On Friday, for instance, while Merkel was busy dismissing the notion that Germany would prefer to let Greece go in a meeting with Greek Prime Minister Antonis Samaras, the chairman of Merkel's Christian Democrats in parliament Volker Kauder told German public television network ZDF that a Greek exit from the currency union would be "no problem." Similarly, Alexander Dobrindt, the leader of Merkel's coalition partner the Christian Social Union, flatly opined that come next year Greece would no longer be part of the EMU.
While all of this supports the notion that Germany has officially reached the breaking point on Greece, Weidmann's comments to Spiegel may cut the deepest of all from the periphery's perspective because they suggest that the German central bank is opposed not just to the idea of continuing to prop up a seemingly obstinate Greece, but to the whole idea of continuing to support the bailout effort in general. Weidmann noted that ECB bond purchases are tantamount to the funding of governments via ECB money printing which is outside the central bank's mandate of maintaining price stability. He went on to emphasize that decisions on how to support floundering member nations should be made democratically via parliaments, not by decree via the central bank. Weidmann also equated continual debt monetization to the perpetual administration of drugs to an addict and noted that should the debt purchased by the ECB deteriorate, the burden is borne ultimately by eurozone taxpayers. Finally, Weidmann warned that monetary policy is becoming increasingly beholden to fiscal policy in the eurozone.
As if that wasn't enough to put a damper on the periphery's bailout hopes, Germany's Economy Minister Philipp Roesler and German Finance Minister Wolfgang Schaeuble both told the media on Sunday that Greece's contention that it didn't need more money, just more time, was nonsense, as "time is always money." All of this suggests that it will be increasingly difficult to get Germany on board the bailout boat going forward. This is just one more reason to believe that eventually, the situation in Europe is going to implode. It simply is untenable and it is quite unrealistic to expect that the core countries will continue to support the periphery.

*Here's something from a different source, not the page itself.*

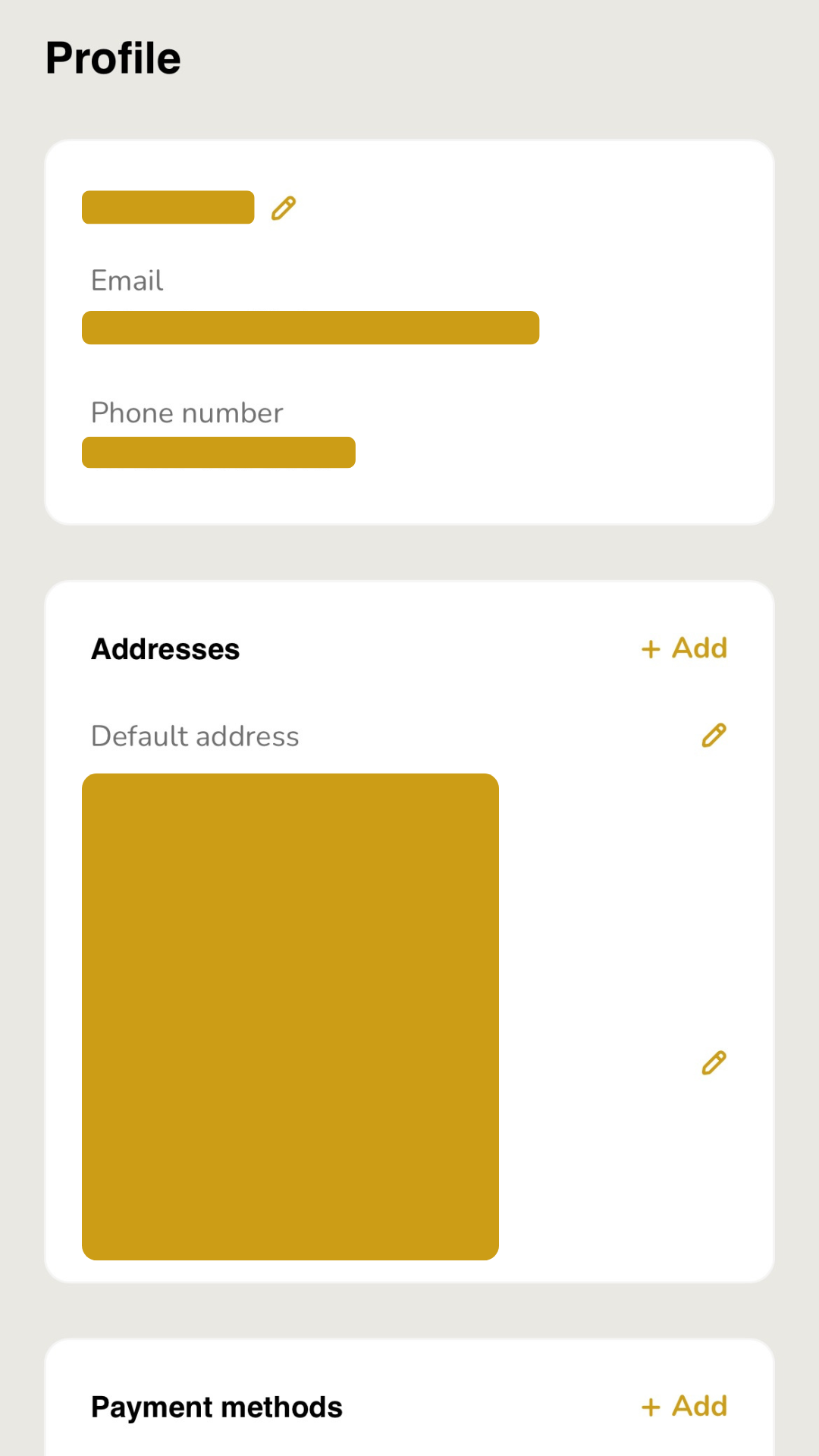 In Profiles, you will be able to edit your email and mailing addresses and payment methods.

There seems to be an idea among optimists and bulls that commentators calling for a eurozone breakup are alarmists and are simply "crying wolf," so to speak. The fact that the union hasn't broken up yet would appear to vindicate this notion. I would argue that the core simply hasn't been pushed to the breaking point yet. Investors should ask themselves how long countries with relatively healthy economies will be willing to bet their financial future on the ability of Spain, Italy, and Greece to get their house in order. I contend that the music is about to stop. Investors should allocate at least 20% of their portfolio to gold (NYSEARCA:GLD) and consider putting on short positions in the S&P 500 (NYSEARCA:SPY) to guard against collateral damage from a swift deterioration in Europe.